Supplied material:
######
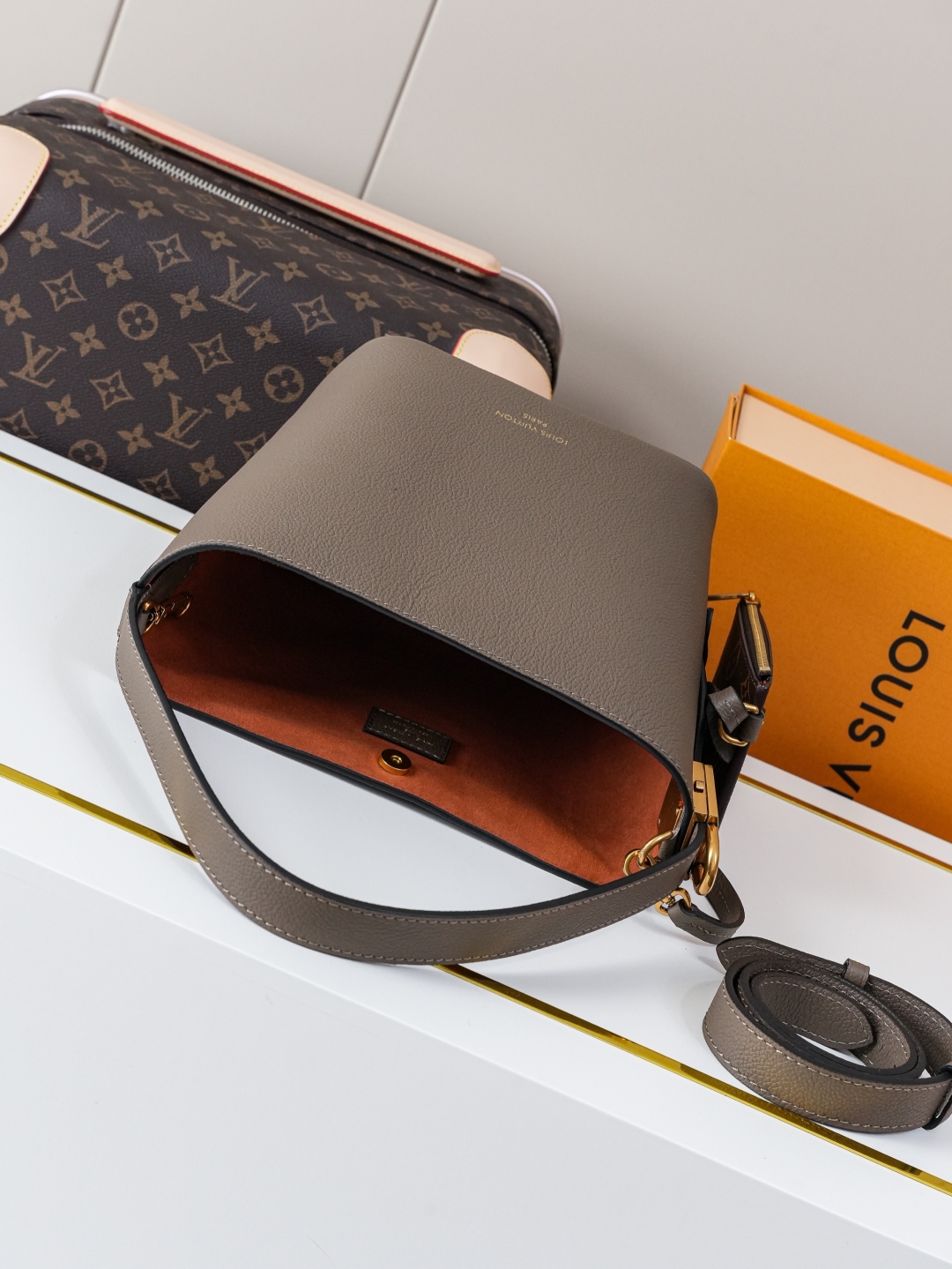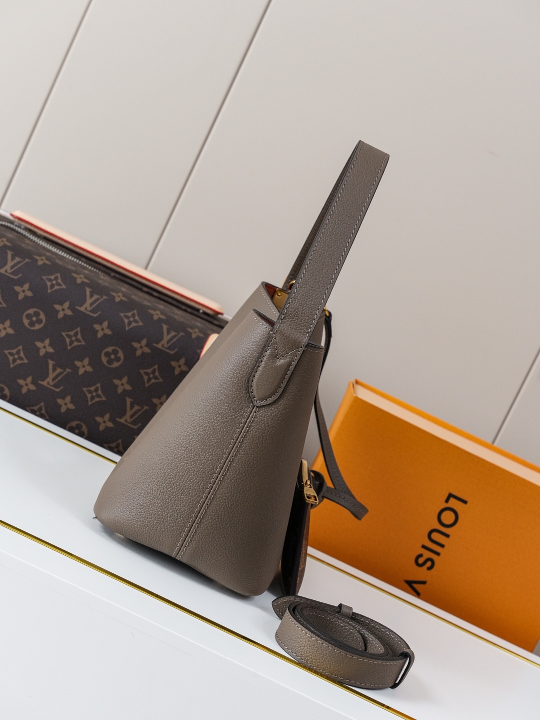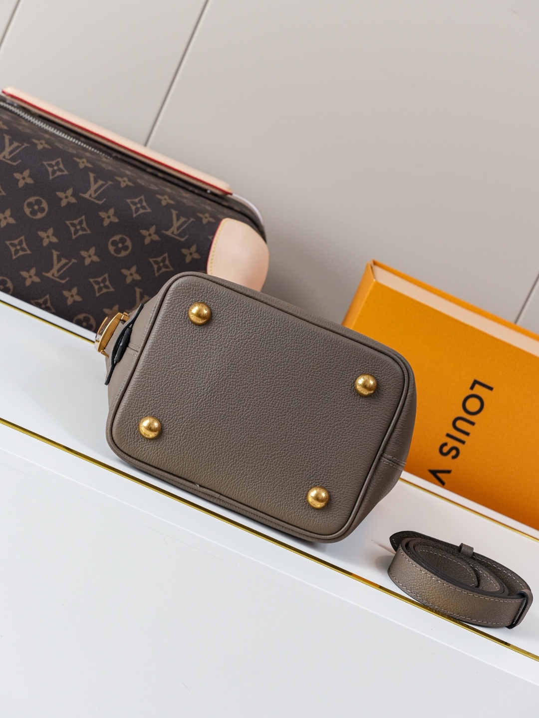Tags: All In BB Bag, Compact Shoulder Bag, Designer Bucket Bag, Gray Leather Handbag, Louis Vuitton Bucket Bag, Monogram Pocket Bag
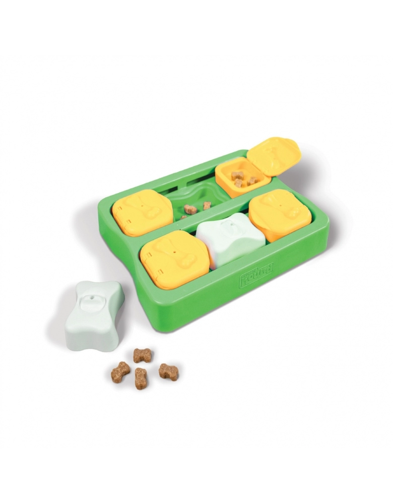 Modo de usar: 1 – Preencha com petiscos ou ração os compartimentos da base e blocos deslizantes. 2 – Cubra os compartimentos do meio com os ossos. Quanto mais compartimentos cobertos, mais difícil o jogo fica. 3 – Que comecem os jogos! Mostre ao seu cão como o jogo funciona e estimule-o a encontrar os petiscos ou alimento.
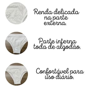 Composição: 97% Algodão 03% Elastano - Renda: 97% Poliéster 03% Elastano
######
Task goal: All of the data, minus its pictures, should be repeated exactly.

Task solution:
Tags: All In BB Bag, Compact Shoulder Bag, Designer Bucket Bag, Gray Leather Handbag, Louis Vuitton Bucket Bag, Monogram Pocket Bag
 Modo de usar: 1 – Preencha com petiscos ou ração os compartimentos da base e blocos deslizantes. 2 – Cubra os compartimentos do meio com os ossos. Quanto mais compartimentos cobertos, mais difícil o jogo fica. 3 – Que comecem os jogos! Mostre ao seu cão como o jogo funciona e estimule-o a encontrar os petiscos ou alimento.
 Composição: 97% Algodão 03% Elastano - Renda: 97% Poliéster 03% Elastano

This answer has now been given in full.